Giving Up On WordPress

*boo* *hiss* My first WordPress post was about how I decided not to continue work on my own blog software, because it's duplicating work. However, I write this post today, because somebody needs to write a competing piece of software. Working with WordPress has been educational to me, but it definitely is not something that I can use and implement on my site. Below are my list of grievances.

The Code Base

This is not actually a gripe against WordPress, but PHP's general userbase. I've tried, on many occasions, to modify source in WordPress, and I've found it to be messy. Some PHP developers may disagree, but that's because most PHP developers suck. The language has made programming so easy that monkeys have hopped on th bandwagon, and everyone's a developer now. I strongly believe that unless you're a active maintainer of WordPress, is close to impossible to deal with. I've worked with some LARGE PHP code bases, and there is a way to write PHP code so that it is maintainable for years, and there is a way to make it maintainable for months. I don't expect to see much from WordPress in a few years.

Templates

Are you joking me? Have you ever tried to make your own templates from scratch with WordPress?!?! No thank you. HTML mixed with PHP functions that echo Thor knows what and all in the name of simplicity?! Dear WordPress, PHP has great templating capabilities already, if you would pull your head out of your butt and check out Smarty. It seems silly to me that any web based PHP software would not use a templating engine at all. I can only think of a few very minor python web frameworks that don't use templates, and ruby on rails? Yup, they have templates as well. Seriously, I tried for weeks to get my head around the bass-ackwardness of WordPress templates, to no avail. In about an hour, I had wrote a php web framework that was not only easy to use (read: written for my wife), object oriented, and quick. It's not that hard, but WordPress seems to be splitting logs with a pancake in that regard.

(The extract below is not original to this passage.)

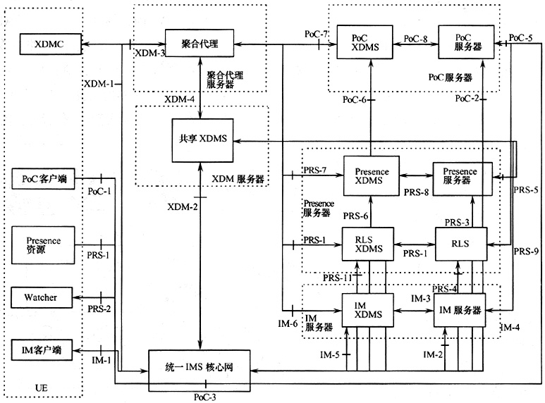 OMA雖然定義了XDM、Presence(呈現(xiàn))、Instant Message和PoC等業(yè)務(wù)的功能實(shí)體和參考點(diǎn),但是為了在網(wǎng)絡(luò)中實(shí)現(xiàn)以上業(yè)務(wù),需要將OMA定義的功能實(shí)體和參考點(diǎn)映射成物理實(shí)體和協(xié)議,確定運(yùn)營商開放此類業(yè)務(wù)對設(shè)備和協(xié)議的要求,圖2給出了一種映射的方式。XDM服務(wù)器包含的共享XDMS功能提供公共群組的能力,有利于用戶在使用PoC、IM等業(yè)務(wù)時也能共享此群組。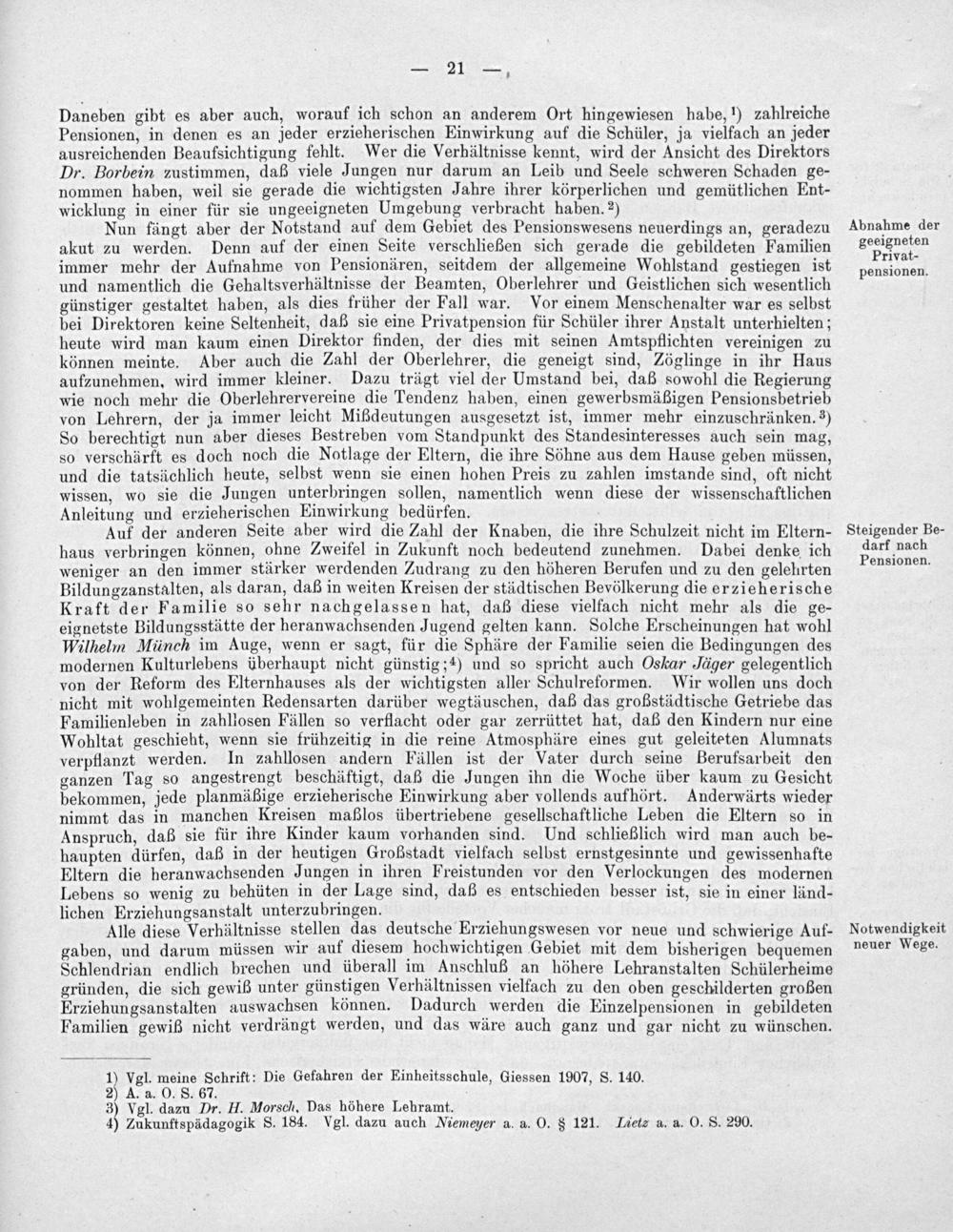 Daneben gibt es aber auch, worauf ich schon an anderem Ort hingewiesen habe, ¹) zahlreiche Pensionen, in denen es an jeder erzieherischen Einwirkung auf die Schüler, ja vielfach an jeder ausreichenden Beaufsichtigung fehlt. Wer die Verhältnisse kennt, wird der Ansicht des Direktors Dr. Borbein zustimmen, daß viele Jungen nur darum an Leib und Seele schweren Schaden ge- nommen haben, weil sie gerade die wichtigsten Jahre ihrer körperlichen und gemütlichen Ent- wicklung in einer für sie ungeeigneten Umgebung verbracht haben. ²)

Jack of All Spades, But Just Can't Juggle

Although I hated the guy, I knew someone who used a very good analogy. He used the analogy of juggling to point out that juggling three balls is good, four is even better, but it's incredibly difficult to juggle 9, and requires more skill than most people have. The end result is that your mother is asking you to replace all the eggs you ruined while trying to juggle so many. WordPress's stock capabilities are so massive that I don't really feel that it really excels at any one thing. Sure, there are extensions, but most of them are more noodlish (read: spaghetti) as WordPress itself is. However, extensions should add to an already good base of features, and I feel like, for the most part, there aren't great features, just a lot of features.

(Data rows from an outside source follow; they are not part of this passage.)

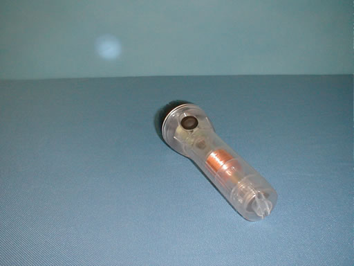 This is a flashlight without the usual power source, a dry cell. To operate the flashlight, shake it vigorously in an up and down motion for 30 seconds. This back and forth motion passes a strong magnet through an induction coil. The energy generated by the motion is stored in a capacitor. By engaging the switch, the capacitor will discharge through the light.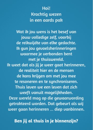 Het was heel fijn om daar te zijn! Gesprekken op die plek lopen zo makkelijk. Haast zonder woorden weet je elkaar te vinden in dat veld van verbondenheid. Mooi om in de gesprekken ook naar voren te brengen hoe we als vanzelf invloed hebben op de wereld om ons heen door het vanuit ons eigen kwantum bewustzijnsveld waar te nemen.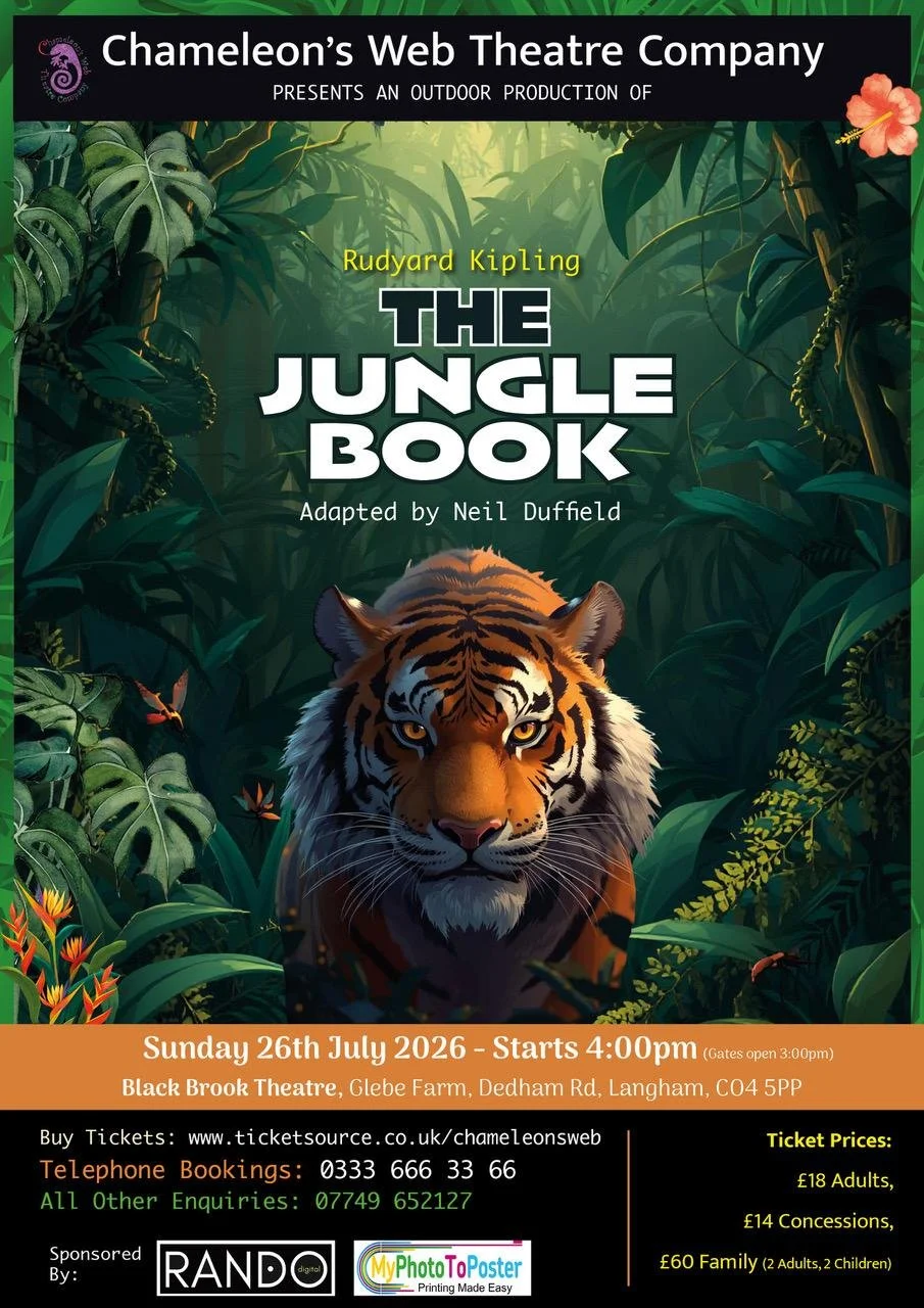 Join Chameleon's Web Theatre Company for their Summer outdoor show - Rudyard Kipling's The Jungle Book adapted by Neil Duffield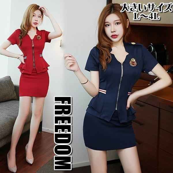 大きいサイズ コスプレ 衣装 キャビンアテンダント CA ぴっちりタイトミニのセクシースタイル♪スチュワーデスコスチューム L 2L 3L 4L サイズ セール

So, to sum it all up, WordPress is intended for the blogging mother of three from Suburbia, but once it tries to handle everything I throw it, I'm the one who gets egg on my face. All in all, I didn't mind WordPress. I don't think I would have tried it if it weren't in the auto-installer on Dreamhost, but now I have an opportunity to write a blog software in Django, and implement it. I'll even write some migration code from WordPress to my new Neptune blog software, so I won't lose my posts this time. And the nature of Django means I'll be able to add features to a stable site, which is where I would have liked to have been three months ago.